> [PROBLEM REQUIREMENTS] Lines from the one with "Também ontem, Bolsonaro" up to and including the one with "Yeni Adli Yıl'ın" are to be copied exactly from the records below, without their pictures.

##########

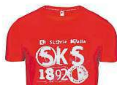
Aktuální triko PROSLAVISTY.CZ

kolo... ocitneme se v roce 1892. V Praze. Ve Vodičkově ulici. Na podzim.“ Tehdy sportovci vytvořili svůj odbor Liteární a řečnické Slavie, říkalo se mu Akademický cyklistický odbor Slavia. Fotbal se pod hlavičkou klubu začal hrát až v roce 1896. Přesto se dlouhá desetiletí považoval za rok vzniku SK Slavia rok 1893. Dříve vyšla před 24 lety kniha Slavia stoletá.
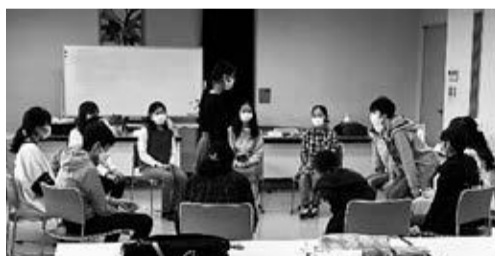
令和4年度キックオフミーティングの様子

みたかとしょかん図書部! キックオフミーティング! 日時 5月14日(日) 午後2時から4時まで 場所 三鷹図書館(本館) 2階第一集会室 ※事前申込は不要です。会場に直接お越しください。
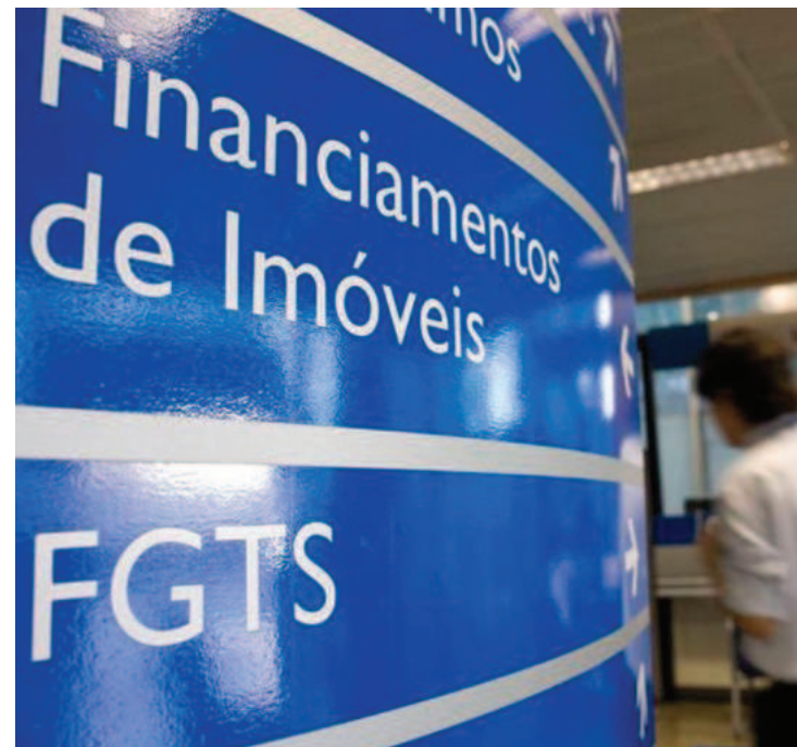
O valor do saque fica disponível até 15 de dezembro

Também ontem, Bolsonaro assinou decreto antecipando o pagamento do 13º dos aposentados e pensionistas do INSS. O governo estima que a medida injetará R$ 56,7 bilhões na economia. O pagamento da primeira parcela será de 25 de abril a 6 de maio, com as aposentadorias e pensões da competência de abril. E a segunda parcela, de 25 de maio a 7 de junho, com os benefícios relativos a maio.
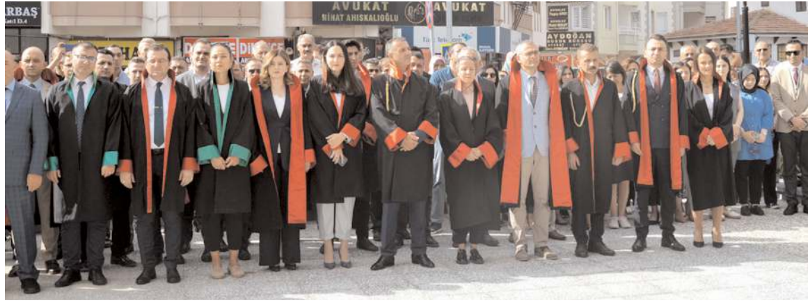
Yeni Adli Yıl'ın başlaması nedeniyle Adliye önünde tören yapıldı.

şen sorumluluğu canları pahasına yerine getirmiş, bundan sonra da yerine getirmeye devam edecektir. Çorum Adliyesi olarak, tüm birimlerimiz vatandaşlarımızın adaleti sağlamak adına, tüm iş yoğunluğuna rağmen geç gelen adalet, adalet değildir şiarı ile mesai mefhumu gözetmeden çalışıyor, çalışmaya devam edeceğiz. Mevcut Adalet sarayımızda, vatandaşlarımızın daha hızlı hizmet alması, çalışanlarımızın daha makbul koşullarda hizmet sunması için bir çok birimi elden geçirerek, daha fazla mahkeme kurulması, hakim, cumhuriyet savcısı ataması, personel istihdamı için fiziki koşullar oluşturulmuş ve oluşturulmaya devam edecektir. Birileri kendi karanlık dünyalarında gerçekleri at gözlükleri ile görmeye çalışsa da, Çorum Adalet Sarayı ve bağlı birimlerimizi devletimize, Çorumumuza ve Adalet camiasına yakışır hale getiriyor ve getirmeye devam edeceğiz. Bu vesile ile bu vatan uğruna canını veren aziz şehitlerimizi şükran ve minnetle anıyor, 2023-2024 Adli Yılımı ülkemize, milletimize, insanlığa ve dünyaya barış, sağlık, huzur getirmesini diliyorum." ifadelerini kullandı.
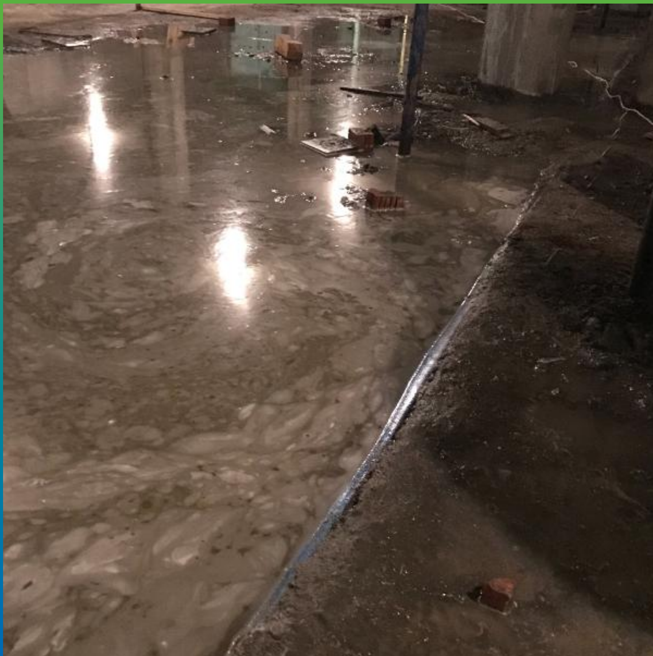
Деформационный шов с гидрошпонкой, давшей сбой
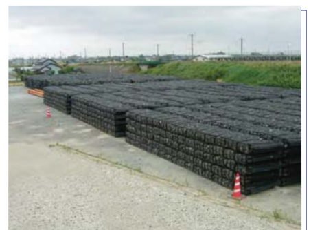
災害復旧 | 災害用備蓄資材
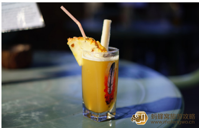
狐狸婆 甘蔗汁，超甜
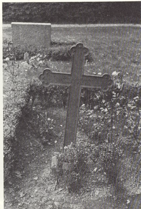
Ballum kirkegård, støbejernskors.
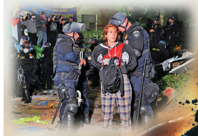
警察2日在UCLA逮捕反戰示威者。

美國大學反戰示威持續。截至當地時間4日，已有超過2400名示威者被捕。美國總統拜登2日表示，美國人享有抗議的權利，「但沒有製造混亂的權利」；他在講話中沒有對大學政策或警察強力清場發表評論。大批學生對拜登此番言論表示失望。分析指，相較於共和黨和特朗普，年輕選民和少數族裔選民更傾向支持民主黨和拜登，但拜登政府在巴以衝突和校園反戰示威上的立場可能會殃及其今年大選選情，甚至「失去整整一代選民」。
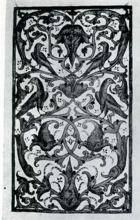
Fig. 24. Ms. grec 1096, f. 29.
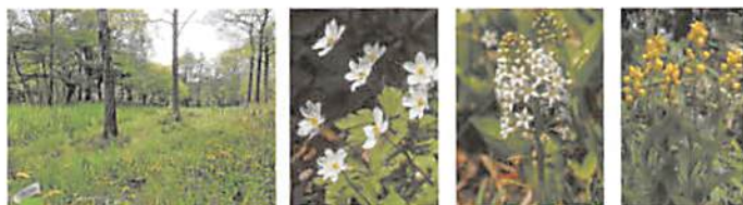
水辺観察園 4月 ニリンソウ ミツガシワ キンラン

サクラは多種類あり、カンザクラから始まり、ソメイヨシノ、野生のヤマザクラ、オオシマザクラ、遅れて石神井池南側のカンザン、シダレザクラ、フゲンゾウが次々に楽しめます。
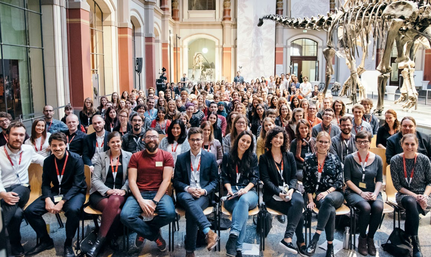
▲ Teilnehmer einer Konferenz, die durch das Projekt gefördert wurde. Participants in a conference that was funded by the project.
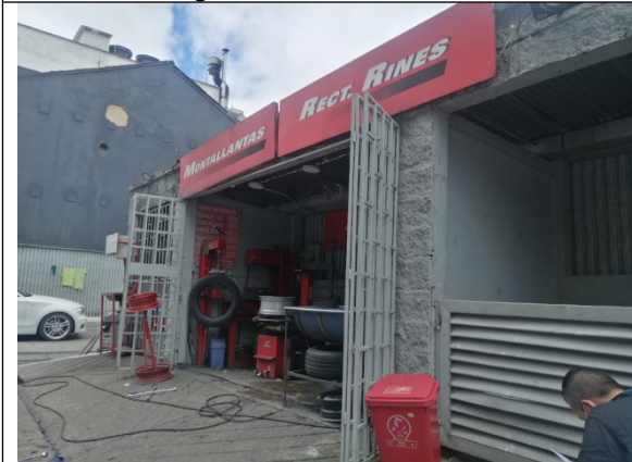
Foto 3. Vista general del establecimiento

##########

> [RESULT OF THIS EXERCISE]
Também ontem, Bolsonaro assinou decreto antecipando o pagamento do 13º dos aposentados e pensionistas do INSS. O governo estima que a medida injetará R$ 56,7 bilhões na economia. O pagamento da primeira parcela será de 25 de abril a 6 de maio, com as aposentadorias e pensões da competência de abril. E a segunda parcela, de 25 de maio a 7 de junho, com os benefícios relativos a maio.
Yeni Adli Yıl'ın başlaması nedeniyle Adliye önünde tören yapıldı.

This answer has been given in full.